> _TASK TO COMPLETE_: Using the entries below, write out the line with "Il mantello medievale", the line with "Size S fits", and every line in between, exactly as each is written.

> _GIVEN ENTRIES_:
= = =

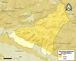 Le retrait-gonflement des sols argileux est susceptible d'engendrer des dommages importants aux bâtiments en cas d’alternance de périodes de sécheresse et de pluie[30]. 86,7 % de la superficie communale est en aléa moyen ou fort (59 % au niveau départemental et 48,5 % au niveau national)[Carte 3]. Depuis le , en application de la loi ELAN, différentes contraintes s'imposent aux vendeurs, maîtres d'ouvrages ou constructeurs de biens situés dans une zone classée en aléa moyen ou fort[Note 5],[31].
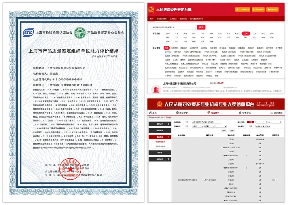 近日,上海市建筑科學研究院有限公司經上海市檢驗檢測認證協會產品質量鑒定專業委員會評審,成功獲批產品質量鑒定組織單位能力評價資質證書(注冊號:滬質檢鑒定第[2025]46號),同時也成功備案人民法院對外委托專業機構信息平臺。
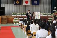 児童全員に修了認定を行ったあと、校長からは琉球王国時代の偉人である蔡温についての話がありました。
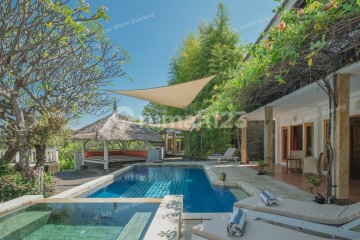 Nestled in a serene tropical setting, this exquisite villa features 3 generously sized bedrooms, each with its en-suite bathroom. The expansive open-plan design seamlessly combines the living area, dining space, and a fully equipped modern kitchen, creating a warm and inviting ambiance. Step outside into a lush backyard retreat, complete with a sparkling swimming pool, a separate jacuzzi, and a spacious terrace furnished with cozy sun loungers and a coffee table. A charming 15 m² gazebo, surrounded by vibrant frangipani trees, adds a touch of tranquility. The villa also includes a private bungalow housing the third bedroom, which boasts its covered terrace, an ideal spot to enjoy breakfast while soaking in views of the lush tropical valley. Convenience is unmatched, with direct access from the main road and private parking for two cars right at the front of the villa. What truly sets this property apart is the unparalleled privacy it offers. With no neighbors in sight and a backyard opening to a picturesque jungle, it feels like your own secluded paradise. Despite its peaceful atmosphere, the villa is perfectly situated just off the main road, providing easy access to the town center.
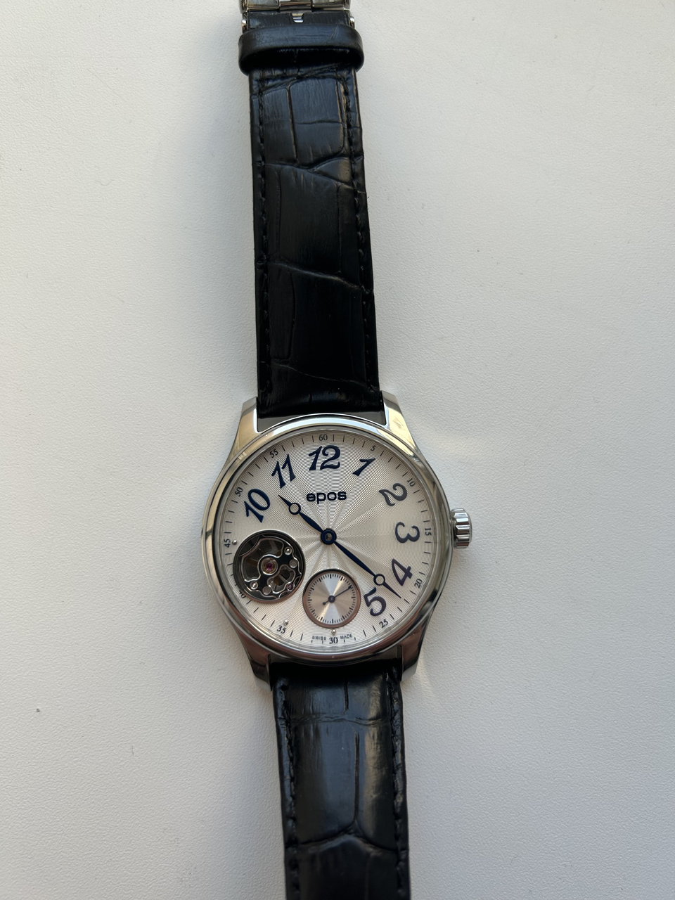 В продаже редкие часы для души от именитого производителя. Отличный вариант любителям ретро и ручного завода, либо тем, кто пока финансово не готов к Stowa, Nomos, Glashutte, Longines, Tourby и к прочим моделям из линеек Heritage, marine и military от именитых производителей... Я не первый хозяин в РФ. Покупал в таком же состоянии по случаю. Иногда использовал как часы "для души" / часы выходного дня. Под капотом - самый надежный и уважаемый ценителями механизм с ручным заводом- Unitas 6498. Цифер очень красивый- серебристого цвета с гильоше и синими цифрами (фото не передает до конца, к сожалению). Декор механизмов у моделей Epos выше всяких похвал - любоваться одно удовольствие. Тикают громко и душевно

= = =

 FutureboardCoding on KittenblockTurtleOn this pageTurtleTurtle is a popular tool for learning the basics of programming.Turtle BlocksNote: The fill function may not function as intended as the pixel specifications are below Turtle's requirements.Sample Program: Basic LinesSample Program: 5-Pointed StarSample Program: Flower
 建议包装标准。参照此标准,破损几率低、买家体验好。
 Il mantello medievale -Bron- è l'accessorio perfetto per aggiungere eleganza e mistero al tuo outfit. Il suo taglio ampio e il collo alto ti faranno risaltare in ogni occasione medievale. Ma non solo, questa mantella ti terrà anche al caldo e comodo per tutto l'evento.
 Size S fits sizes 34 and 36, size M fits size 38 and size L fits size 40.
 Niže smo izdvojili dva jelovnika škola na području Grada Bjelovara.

= = =

> _FINAL ANSWER_:
 Il mantello medievale -Bron- è l'accessorio perfetto per aggiungere eleganza e mistero al tuo outfit. Il suo taglio ampio e il collo alto ti faranno risaltare in ogni occasione medievale. Ma non solo, questa mantella ti terrà anche al caldo e comodo per tutto l'evento.
 Size S fits sizes 34 and 36, size M fits size 38 and size L fits size 40.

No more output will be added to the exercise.